Consequently, the engagement of the private sector in the creation of such UHID must be thoroughly monitored and investigated in relation to the usage of sensitive health data. Financial incentives are likely to overpower the data privacy measures in play, resulting in the exploitation of sensitive health and personal data by private businesses for profitable reasons, such as variations in insurance premiums.

Needless to say, the lack of proper controls in place to defend against unauthorized data access by third parties is consequential to the absence of data privacy legislation.

The HDMP issued under the NDHM Policy has accorded a broad definition to “data fiduciaries”. Resultantly, a wide range of commercial entities, including colony wellness centers, have access to and the authorization to collect health data via the UHID, potentially expanding the extent of citizen profiling.

Another aspect of concern is the use of Aadhaar based verification by private players for the authentication of UHID, in violation of the decision of the Supreme Court in Justice K.S. Puttaswamy (Retd) v. Union of India, [AIR 2017 SC 4161]; wherein it was held that the use of Aadhaar authentication by private entities is unconstitutional. Through this decision, the use of Aadhaar authentication in a contractual relationship was barred by the Court, implying that any use of Aadhaar authentication by private organizations is in violation of the Constitution of India.
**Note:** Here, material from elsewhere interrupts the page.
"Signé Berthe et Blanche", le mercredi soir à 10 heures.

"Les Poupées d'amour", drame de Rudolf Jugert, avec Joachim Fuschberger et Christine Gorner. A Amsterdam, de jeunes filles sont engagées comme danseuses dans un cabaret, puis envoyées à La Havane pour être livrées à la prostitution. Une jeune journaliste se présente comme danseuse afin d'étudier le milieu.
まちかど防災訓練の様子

In light of the aforementioned data privacy concerns surrounding the verification of identity for the creation of UHID, the following measures can be implemented moving forward to ensure data privacy and data security:

1. Statutory Framework for UHID

The UHID Rules provide for the procedure to be followed for the creation of UHIDs on voluntary Aadhaar based verification. However, such Rules have been issued without the existence of any statutory framework to this extent. In the absence of any statutory framework forming the backbone of UHID, it becomes nearly inconceivable to ensure data protection and data privacy of personal data, sensitive personal data and health data of the individuals.

2. Determination of the necessity, objective and data privacy and data security measures of electronic medical records

It is suggested that, as the medical profession is still divided on the use of digital health records on clinical outcomes, a conclusive analysis of the usage of such digital health records in terms of efficacy and privacy issues must be conducted. Reference may also be laid on similar studies conducted by other countries.
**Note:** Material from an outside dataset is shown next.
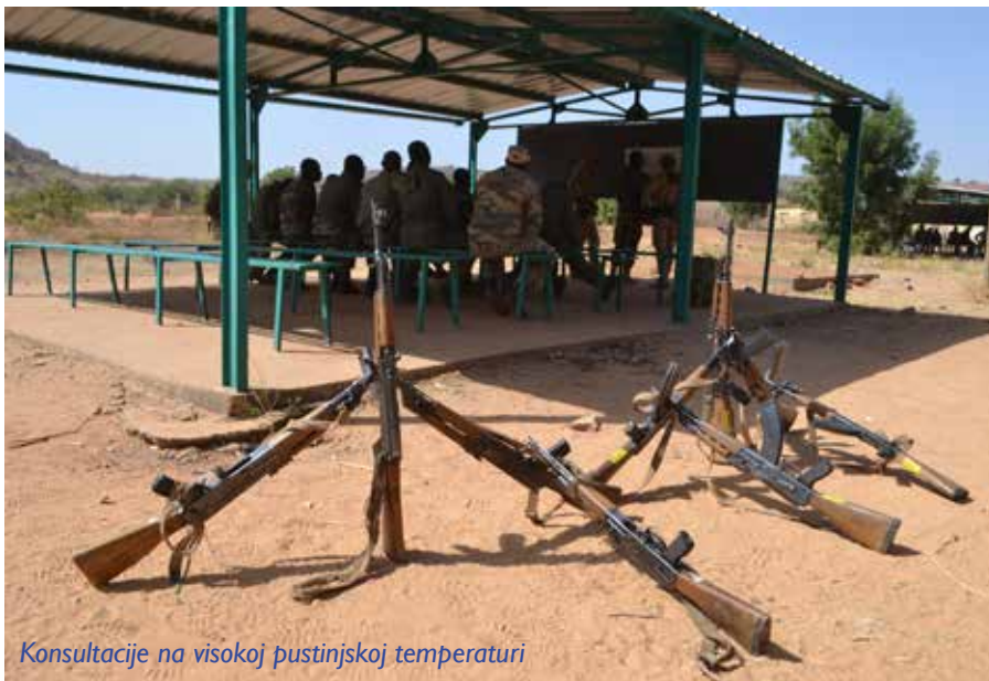
Konsultacije na visokoj pustinjskoj temperaturi

Koordinisati u svemu tome potrebe Čete za obebjeđenje (Force protection), medicinskih i ostalih timova za obuku, uvezati kompletnu logistiku preko jednog pripadnika misije, na vrijeme i bez propusta, nije lako. Znanje koje smo stekli

In furtherance of such analysis, the Government must undertake stakeholder consultations in order to fine-tune this framework with an objective of enhanced medical outcomes, rather than emphasizing on data collection. An unrestricted and consultation-based system involving public health organizations, independent academics and specialists, and digital rights organizations must be prioritized.
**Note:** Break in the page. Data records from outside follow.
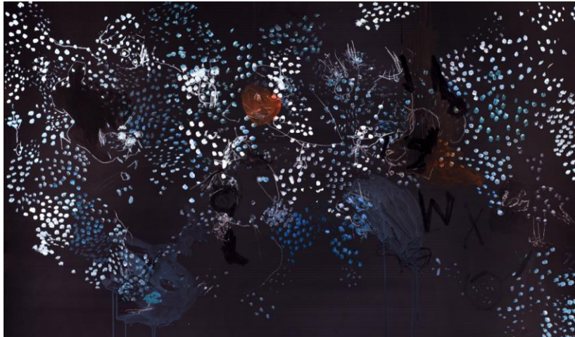
Illustrations : Isabelle Janier

06 60 43 21 13 // lastrada.cguizard@gmail.com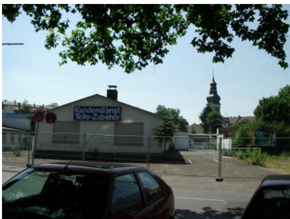
Brache des ehemaligen „Friedelgeländes“

Entlang der Mathildenstraße und der nördlichen Gerberstraße ist die Blockrandstruktur und die Maßstäblichkeit der Bebauung gestört: Die vereinzelt (drei) noch vorhandenen historischen Gebäude präsentieren sich in teilweise schlechtem Zustand. Mit der an sie anschließenden Brache, eingeschossigen Gewerbebauten und dem Baukörper der Mathildenschule ist das städtebauliche Ensemble von Brüchen bestimmt und das Stadtbild in desolatem Zustand.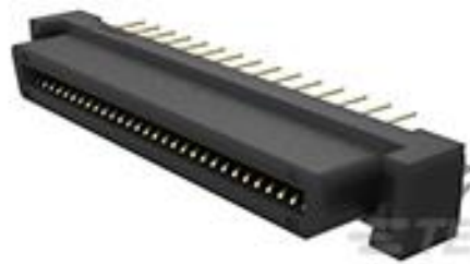
TE 产品编号3-5175475-7 CHAMP 050 B/B REC V W/LEG 60P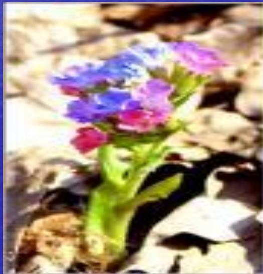
род Pulmonaria (медуница) семейство геснериевых — Ramonda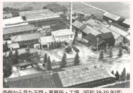
南側から見た正門・事務所・工場(昭和38-39年頃)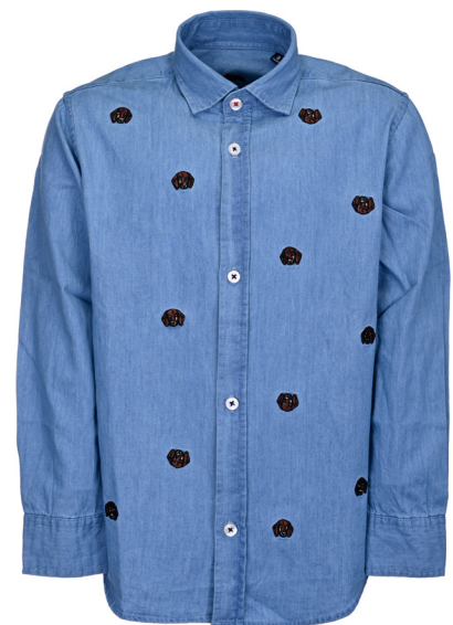
Camicia light denim con ricami all over.

3. Stringent scrutinization of Aadhar-based authentication

Aadhaar-based verification has been exploited for the purpose of data gathering, unintentional monitoring, exclusions, and even potential fraud. Given the aforementioned concerns, the use of Aadhaar for authentication purposes should be subjected to stringent scrutinization and monitoring by a Data Controller.



With the objective of analysing macro data for the provision of uniform health services, the Central Government introduced the NDHM which proposed the use of a unique health identifier, i.e., UHID for each citizen.

The Government’s intention behind the introduction of UHID on the basis of Aadhaar verification may relate to the agenda of “data as a public good”. However, the current UHID framework has placed the requirements of informed, voluntary consent on the backseat, with its apparent focus on collection and storage of sensitive and personal health data flouting all data privacy safeguards.

In the backdrop of the same, the pressing need of the moment is to bring into force the Personal Data Protection Bill and ensure strict compliance of the data privacy principles laid down by the Bill by all concerned authorities and entities handling Aadhaar-based verification and storage of sensitive, personal data for the creation of UHID.